São vinte e três histórias e mais um “glossário breve” – as narrativas trazem-nos episódios rurais, o glossário é composto por cerca de três dezenas de termos ou expressões surgidos nas histórias para ajuda do leitor que lhes esteja menos habituado. É este o corpo do livro Quartzo – Vidas de um Veterinário, de Manuel Cardoso (Coimbra: Quarteto Editora, 2000).

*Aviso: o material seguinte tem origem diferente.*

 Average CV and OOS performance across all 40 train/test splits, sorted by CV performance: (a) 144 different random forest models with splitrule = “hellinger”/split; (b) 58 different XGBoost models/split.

A começar o livro, há um texto introdutório que justifica a escrita destas histórias. Curtas, elas são “tecidas de uma realidade vivida e simples, o dia-a-dia de um trabalho feito com empenho e dedicação, também com sacrifício e esforço, e bordadas de uma fantasia quão simples quão vivida também”, havendo, “nalgumas, a serenidade de um ritmo de épocas passadas; noutras, a premência de uma pressa que urge a prender o presente”. Característica comum a todas: “a paixão pela terra deste torrão precioso de Trás-os-Montes”.

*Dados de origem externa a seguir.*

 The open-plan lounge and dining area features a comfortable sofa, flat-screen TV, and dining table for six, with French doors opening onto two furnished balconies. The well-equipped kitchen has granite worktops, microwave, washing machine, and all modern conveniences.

Sendo o autor médico veterinário de formação e naquela região exercendo a sua actividade, fácil se torna concluir estarmos perante um registo autobiográfico, aqui e ali marcado por indicadores que o vão confirmando – como o nome de algumas personagens das histórias, que são as mesmas do círculo familiar do autor, ou a referência explícita ao próprio nome do autor, cumulativamente personagem e narrador, como acontece no texto “Visitas e Visitantes”.
Pelas histórias vai desfilando um mundo de crendices, de hábitos, de uma sociedade rural, em que os animais são a maior preocupação, seja pelo sustento, seja por serem vistos enquanto garante, em lutas que são pela vida e contra a morte ou contra o azar da doença, questões essenciais quando o que está em causa é a sobrevivência – seja dos homens, seja dos animais. Daí que o narrador considere a sua profissão de veterinário como algo que também dá para fugir à rotina, porque o homem se torna actor – “o pequeno grupo que se forma quando uma consulta é um bocado mais demorada é muitas vezes o colorido que faz desta profissão uma actividade em que a rotina é uma rara ocorrência”, em que “o interlocutor nunca é o doente mas o dono”, sendo que, “quando uma doença se declara, muitas vezes pior não é diagnosticá-la nem dar-lhe solução – é lidar com o dono do animal”.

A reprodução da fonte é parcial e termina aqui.